Kraken Exchange DDoS Attack — Users Locked Out During November 2015 Extortion Siege
ConstrainedCustodial platform became inaccessible — recovery ran through a lengthy institutional process.
Kraken, a US-registered cryptocurrency exchange founded in 2011, received an extortion letter in November 2015 demanding Bitcoin payment in exchange for cancellation of planned distributed denial-of-service (DDoS) attacks. The exchange publicly declined to pay. The attackers followed through with sustained DDoS campaigns that degraded platform performance and rendered the exchange entirely inaccessible during multiple attack windows.
Users holding active positions, open orders, or funds awaiting withdrawal found themselves unable to access their accounts or execute trades during outages. The inability to manage positions exposed users to uncontrolled market risk during downtime periods. The Armada Collective, which had targeted ProtonMail and BitBargain UK during the same period, was identified in press reports as the probable attacker, though Kraken did not make a definitive public attribution.
Kraken coordinated defensive efforts with its infrastructure providers and maintained communication with users through its blog and social media channels throughout the incident. The exchange restored normal operations without capitulating to ransom demands.

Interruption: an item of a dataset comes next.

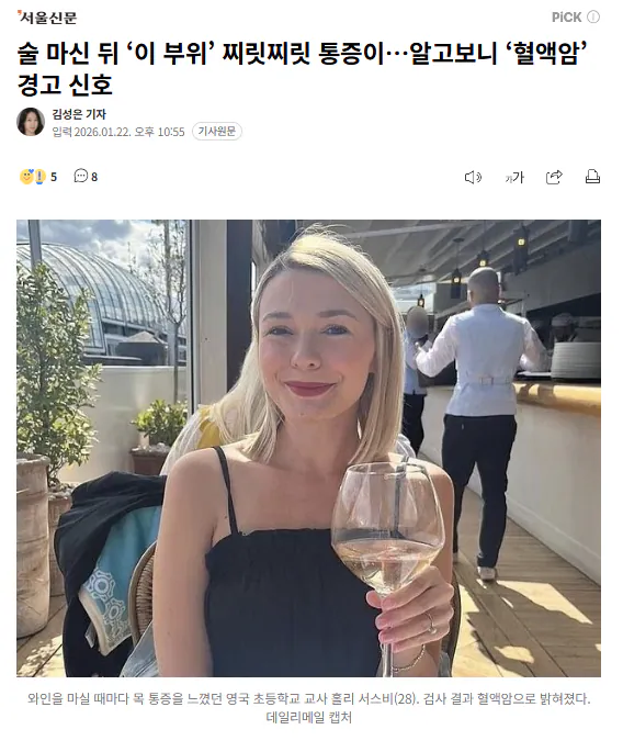 https://n.news.naver.com/article/081/000361101620대 여성이 와인을 마실 때마다 느낀 목 통증이 혈액암의 경고 신호였던 것으로 드러났다. 의료진조차 초반엔 단순 호르몬 변화로 판단했지만, 결국 혈액암의 일종인 호지킨 림프종 진단이 나왔다.

Users who experienced trading losses or were unable to execute time-sensitive transactions during the attack windows had minimal recourse. Kraken's standard terms and conditions explicitly disclaimed liability for losses caused by third-party attacks or platform unavailability beyond the exchange's control. This limitation meant users bore the financial consequences of their enforced account inaccessibility. The incident exposed a structural vulnerability in custodial exchange models: users retain no independent access mechanism when the platform itself becomes unavailable.
| Stress condition | Vendor lockout |
| Custody system | Exchange custody |
| Outcome | Constrained |
| Documentation | Present and interpretable |
| Year observed | 2015 |
| Country | United States |
Why custodial Bitcoin fails differently than self-custody
Exchange custody transfers the custody problem from the holder to the institution. The holder no longer needs to manage seed phrases, maintain hardware, or understand cryptographic concepts. They need only to maintain their account. This simplicity has a cost: the holder no longer controls the private keys. Access depends entirely on the continued operational, financial, and regulatory health of the exchange.
Cases in this archive show that exchange failures cluster around specific event types: bankruptcy and insolvency, regulatory seizure, geographic sanctions, and account-level access failures (lost 2FA, forgotten email credentials). Each event type has a different recovery path and a different timeline. Bankruptcy proceedings typically take 6-24 months and produce partial recovery. Regulatory seizure timelines depend on legal process. Account access failures may be resolvable through platform support or may not.
The distinguishing feature of vendor lockout cases is that recovery — when it occurs — happens through processes the holder did not design and cannot control. They become claimants in a process rather than holders of an asset.
The primary protection against vendor lockout is not using a vendor for custody beyond what is needed operationally. Holdings intended to be stored long-term are most exposed to institutional risk. Exchange custody is well-suited for active trading and conversion; it is poorly suited for long-term storage of significant value. Moving Bitcoin off exchange into self-custody eliminates platform dependency at the cost of taking on personal custody responsibility.